A ROS‐Responsive Liposomal Composite Hydrogel Integrating Improved Mitochondrial Function and Pro‐Angiogenesis for Efficient Treatment of Myocardial Infarction

Abstract Mitochondrial dysfunction of cardiomyocytes (CMs) has been identified as a significant pathogenesis of early myocardial infarction (MI). However, only a few agents or strategies have been developed to improve mitochondrial dysfunction for the effective MI treatment. Herein, a reactive oxygen species (ROS)‐responsive PAMB‐G‐TK/4‐arm‐PEG‐SG hydrogel is developed for localized drug‐loaded liposome delivery. Notably, the liposomes contain both elamipretide (SS‐31) and sphingosine‐1‐phosphate (S1P), where SS‐31 acts as an inhibitor of mitochondrial oxidative damage and S1P as a signaling molecule for activating angiogenesis. Liposome‐encapsulated PAMB‐G‐TK/4‐arm‐PEG‐SG hydrogels demonstrate myocardium‐like mechanical strength and electrical conductivity, and ROS‐sensitive release of SS‐31 and S1P‐loaded liposomes.

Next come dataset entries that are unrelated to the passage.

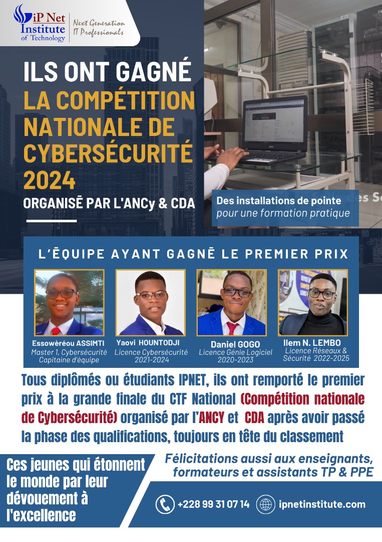 A nos étudiants & diplômés lauréats de cette compétition de piratage informatique organisé par l’ANCY (Agence Nationale de Cybersécurité du Togo) & CDA (Cyber Defense Africa)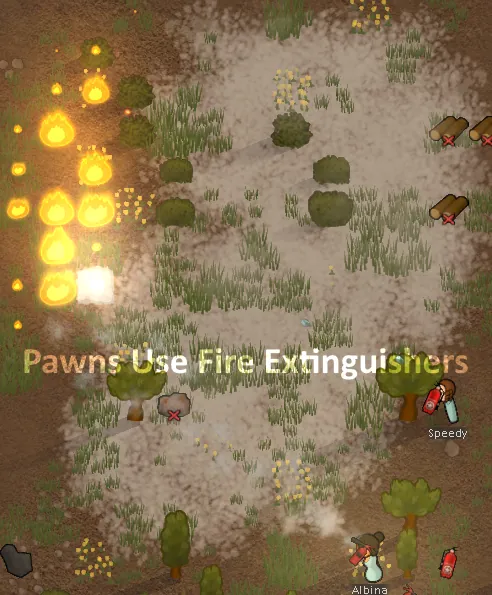 Allows fire extinguishers to be used for firefighting automatically. If a pawn doesn't have a fire extinguisher or a piece of fire can't be accessed with a fire extinguisher, pawns will go back to default vanilla behavior of beating out fires.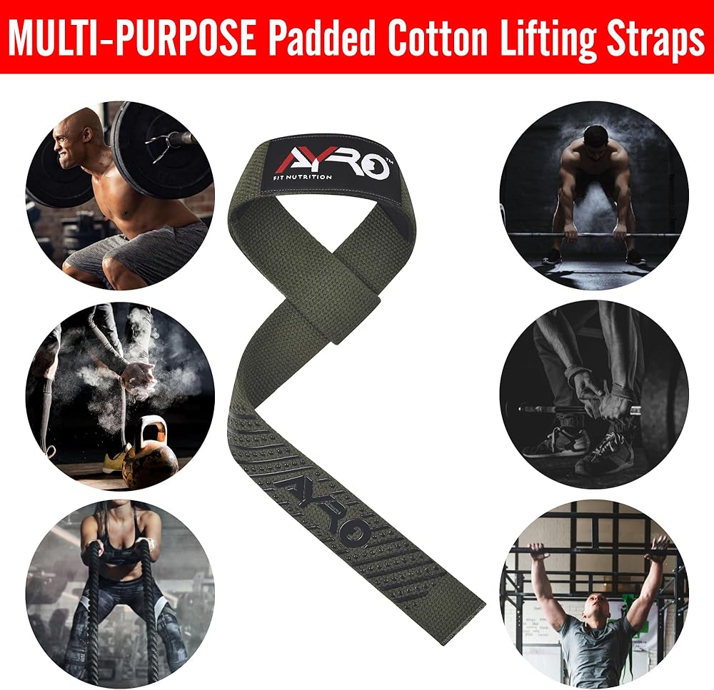 Lifting Straps,ADVANCED GRIP SUPPORT FOR HEAVIER LIFTS - Elevate your weightlifting performance with AYRO's weight lifting straps featuring neoprene padding. Whether you're shrugging, deadlifting, or hitting an intense back workout, these straps provide unparalleled support for your wrists and hands. Try them risk-free today and join a brand that embodies dedication and makes no excuses. These long-lasting, anti-slip straps significantly boost any workout, irrespective of the exercise or routine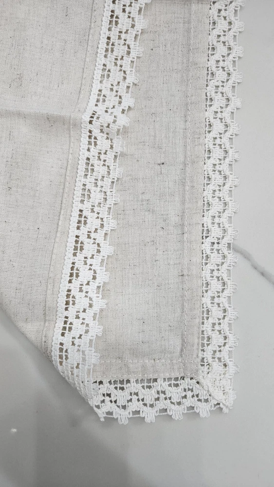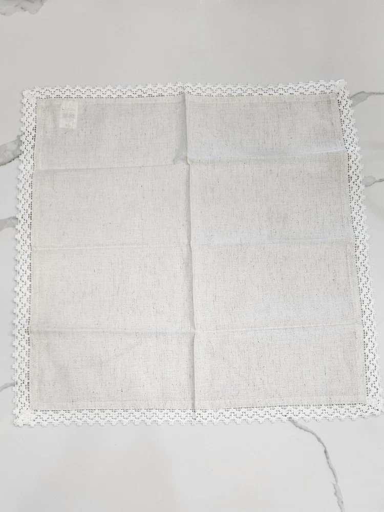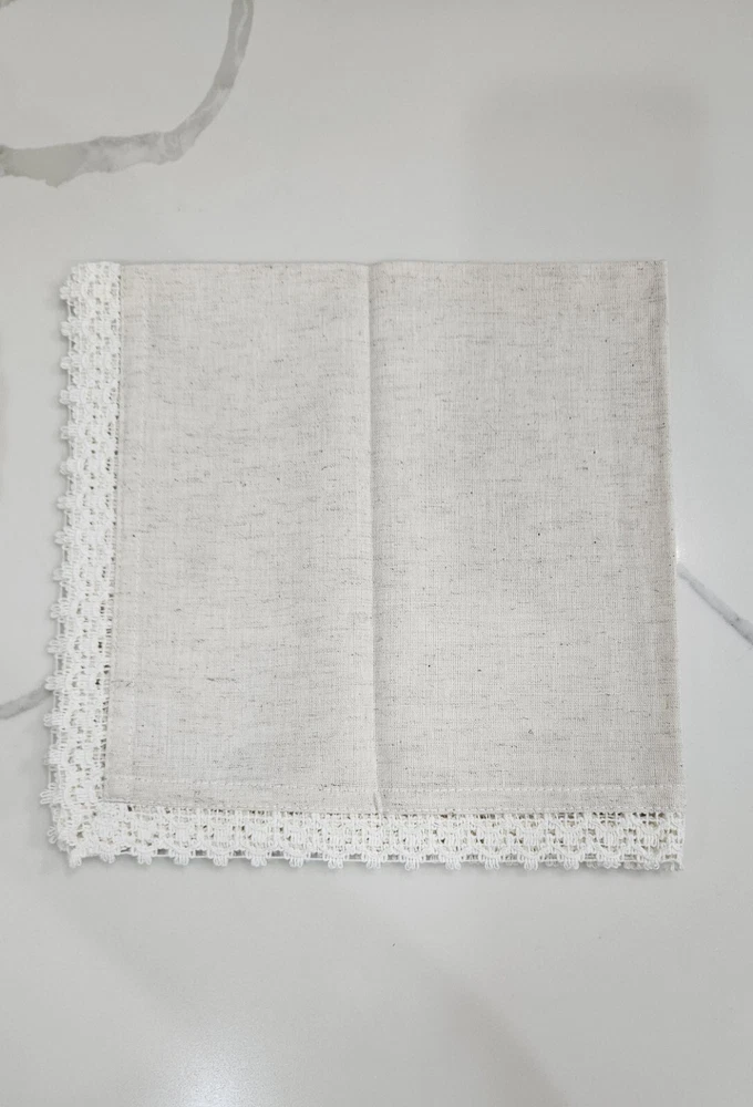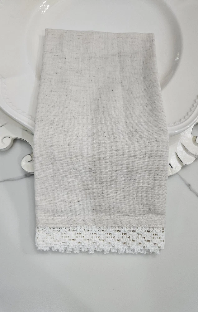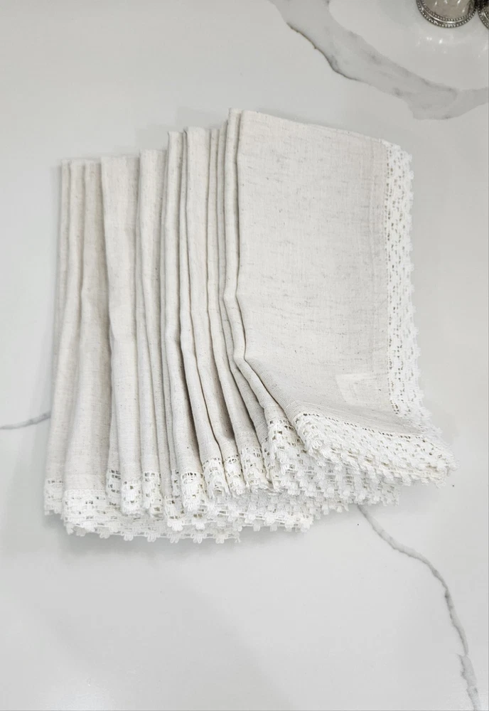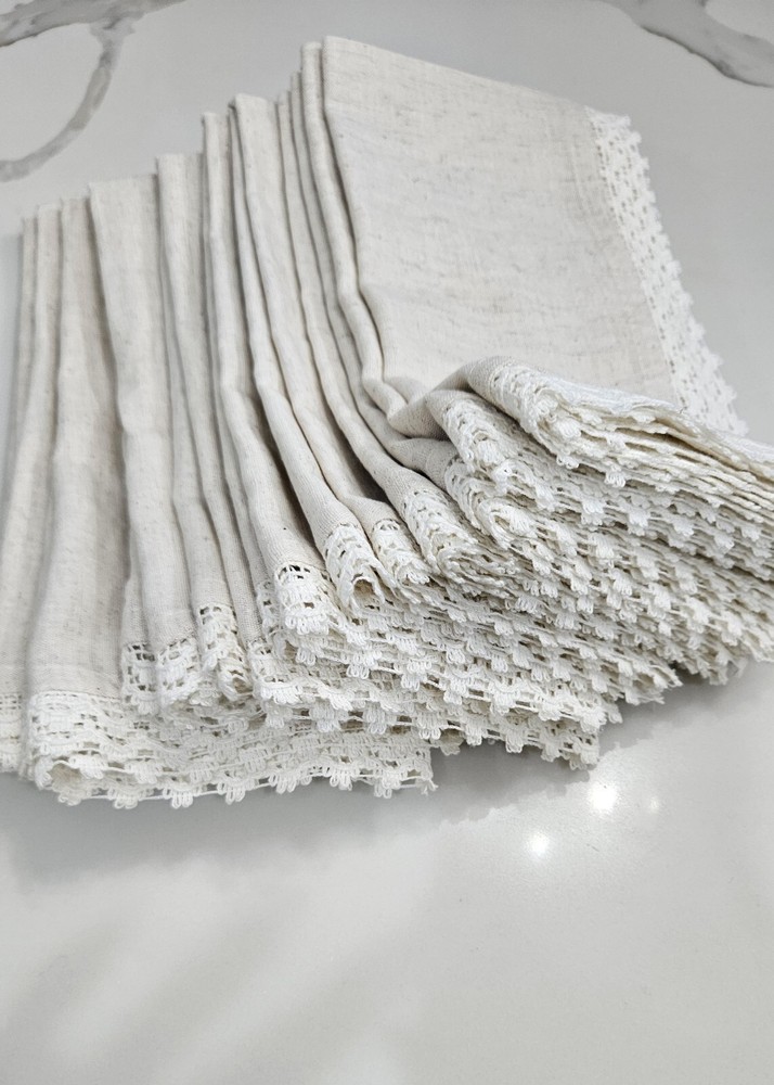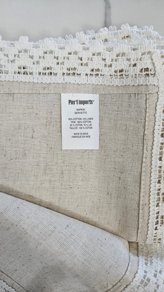 New, never used. Pier 1 Imports Cloth Napkins Set Of 11 Crochet Lace Trim Off White, Cream, Ivory, Beige 85% Cotton, 15% Linen Set Of 9 Silver Hammered Rings Discontinued Perfect for Easter Dinner plates and charger plates are not included.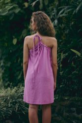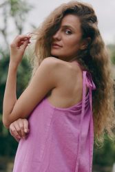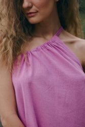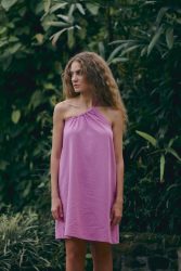 Sukienka w różowym odcieniu ma luźny krój, to idealna letnia sukienka. Jest wykonana z mieszkanki lnu z wiskozą. Tkanina jest lekka i przewiewna, zapewnia wysoki komfort użytkowania, zwłaszcza latem. Produkt jest szyty jednowarstwowo z tkaniny o gramaturze 195g/m2.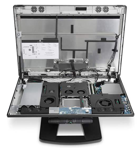 Once the Z1 is raised into working position on its stand (which isn’t entirely straightforward, given the weight of the thing), there is an equally impressive array of external ports. The right hand side has the optical drive (DVD with Blu-ray as an option), a “4-in-1” media card (SD) reader, Firewire 1394a, two USB 3.0 ports and audio I/O. There is a 1080p webcam, mic and speakers on the front (as well as, obviously, the monitor – more on that later). The rear features the mains inlet, more audio I/O (including a line-level sub-woofer output and S/PDIF), four USB 2.0 ports, DisplayPort I/O and an RJ-45 for gigbit ethernet. For some reason, HP chose to position all these rear connectors directly in front of the stand, so they are tricky to get at. In fact, the IEC mains cable has to bend to get around the stand as it exits the chassis. Life would have been much easier if they had just offset this panel to one side.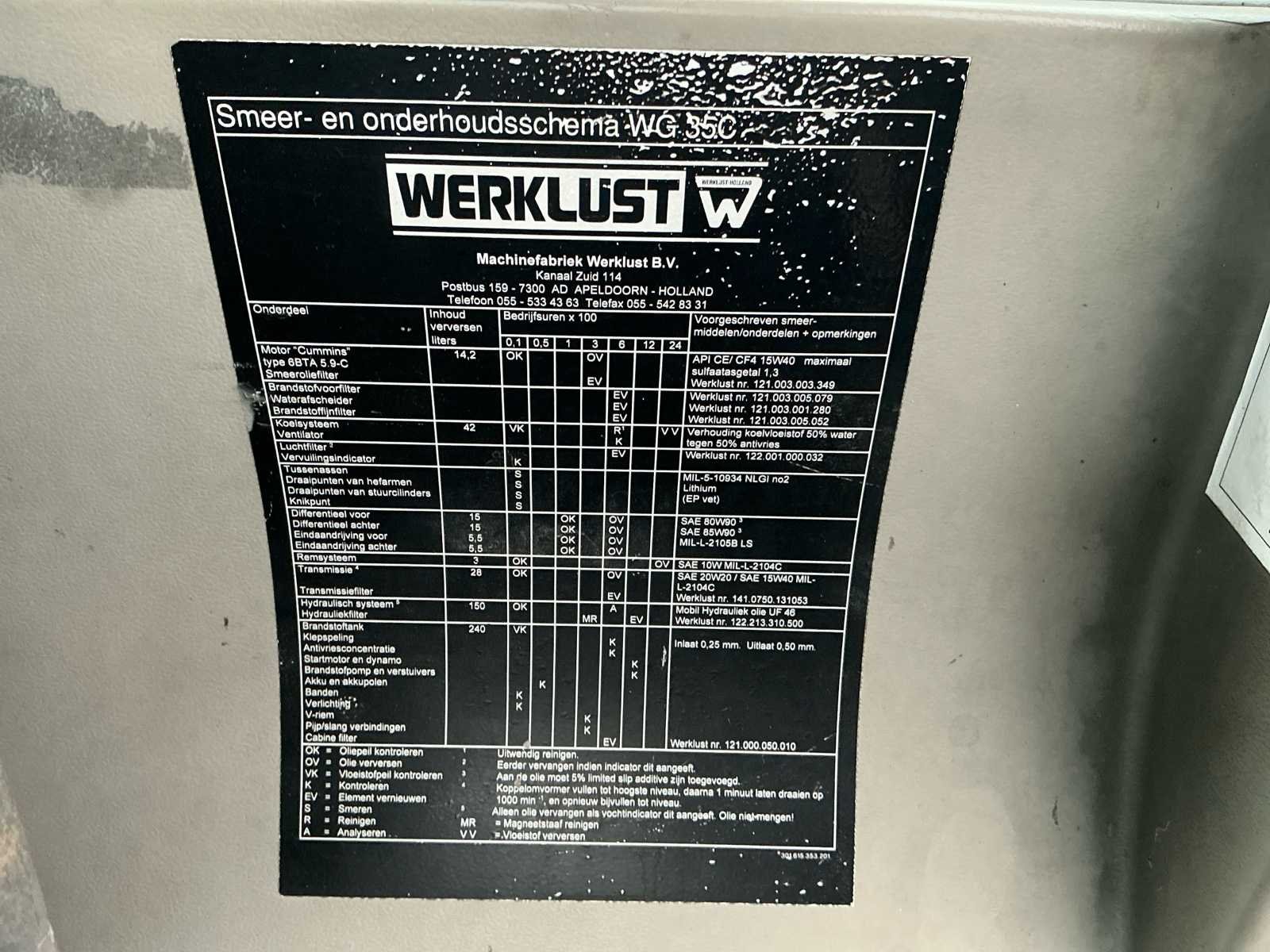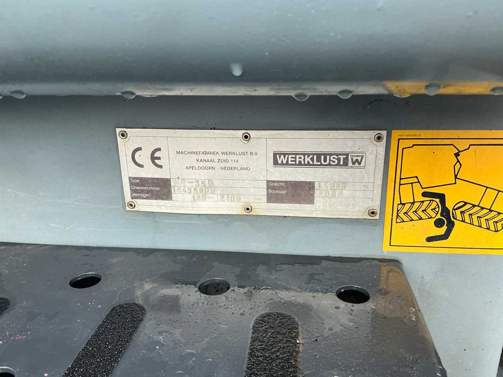 Voorzien van; Cummins Motor; 6-Cilinder; Zonder graafbak; Diesel; Recent vervangen banden!; (LET OP! dit voertuig heeft een kenteken registratie, bij afhalen dient u dit ter plaatste bij een derde partij te naam te stellen of te exporteren, hier zijn extra kosten aan verbonden) Nee Merk: Werklust Type: WG 35 D Bouwjaar: 2000 Serienummer: 16435006 Merk motor: Cummins Kenteken: TXP-46-S Motorvermogen (kW): 126kW Aantal cilinders: 6 Brandstof: Diesel Bedrijfsgewicht: 11000kg Bandenmaat: 20.5R25 Cabine: true Afgelezen urenstand: 19398 Eigen gewicht: 14000kg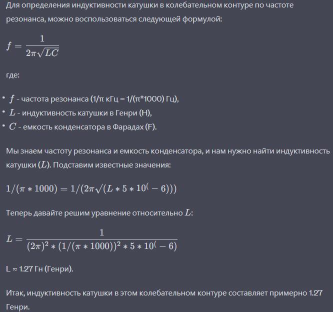 Резонанс в колебательном контуре возникает на частоте 1/π кГц. Если емкость конденсатора в цепи равна 5 мкФ, какова индуктивность катушки в ней?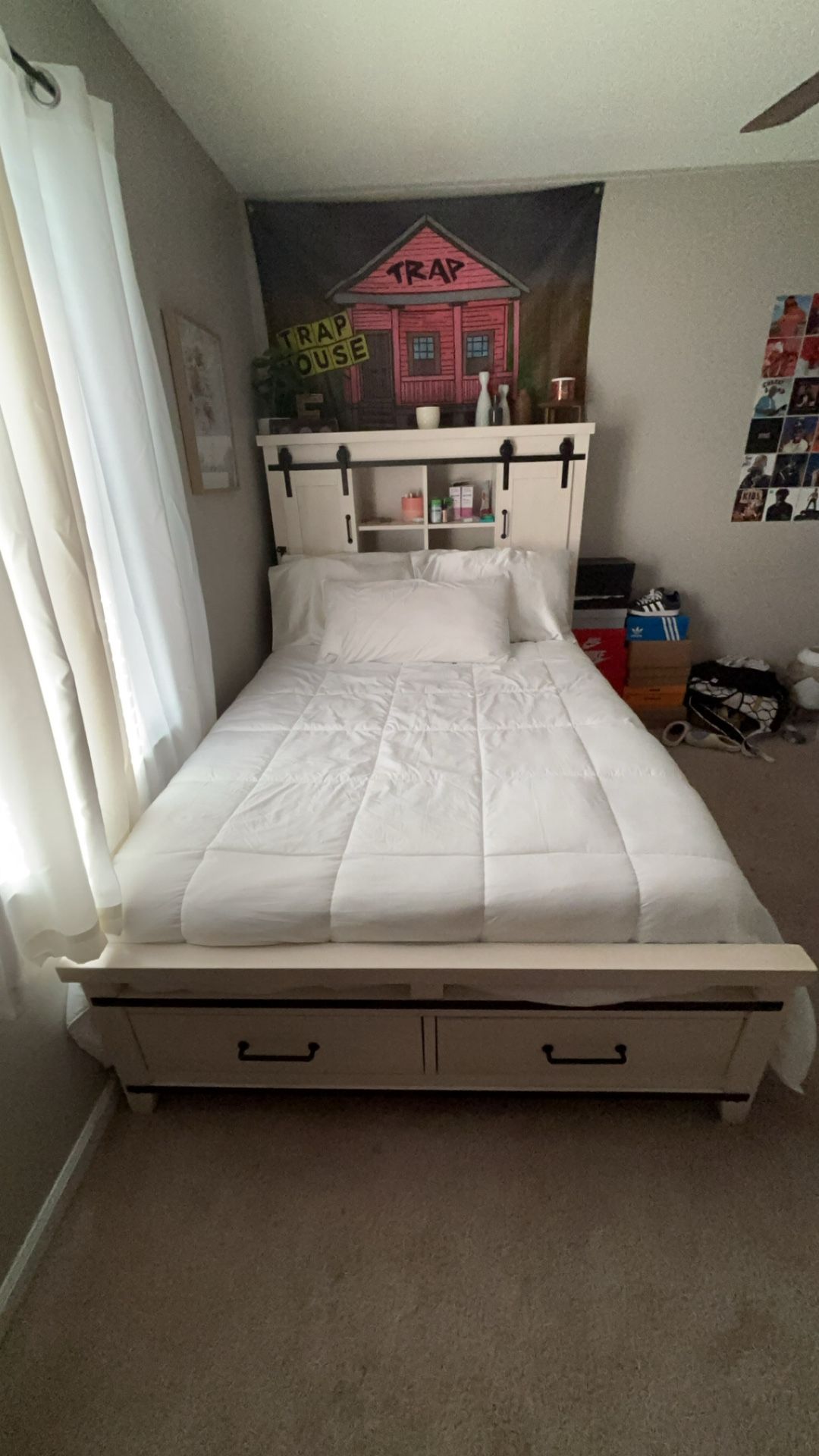 LOWERED PRICE! i just recently realized the bed of both sliding doors has VERY SLIGHT and barely noticeable pink spots they may be able to come off with furniture cleaner but i have none that’s why i lowered the price, there’s outlets in the bed to charge your phone and many places to put things. If INTERESTED- will send more pictures. will take any price just throw me a price . THE BED OVERALL IS VERY VERY STURDY AND HARD TO TAKE APART! which is a good thing because NO WAY is this bed breaking

Further liposomal release of SS‐31, which can target cytochrome c in the mitochondrial inner membrane of damaged CMs, inhibits pathological ROS production, improving mitochondrial dysfunction. Meanwhile, S1P released from the liposome induces endothelial cell angiogenesis by activating the S1PR1/PI3K/Akt pathway. In a rat MI model, the resulting liposomal composite hydrogel improves cardiac function by scavenging excess ROS, improving mitochondrial dysfunction, and promoting angiogenesis. This study reports for the first time a liposomal composite hydrogel that can directly target mitochondria of damaged CMs for a feedback‐regulated release of encapsulated liposomes to consume the overproduced pathological ROS for improved CM activity and enhanced MI treatment.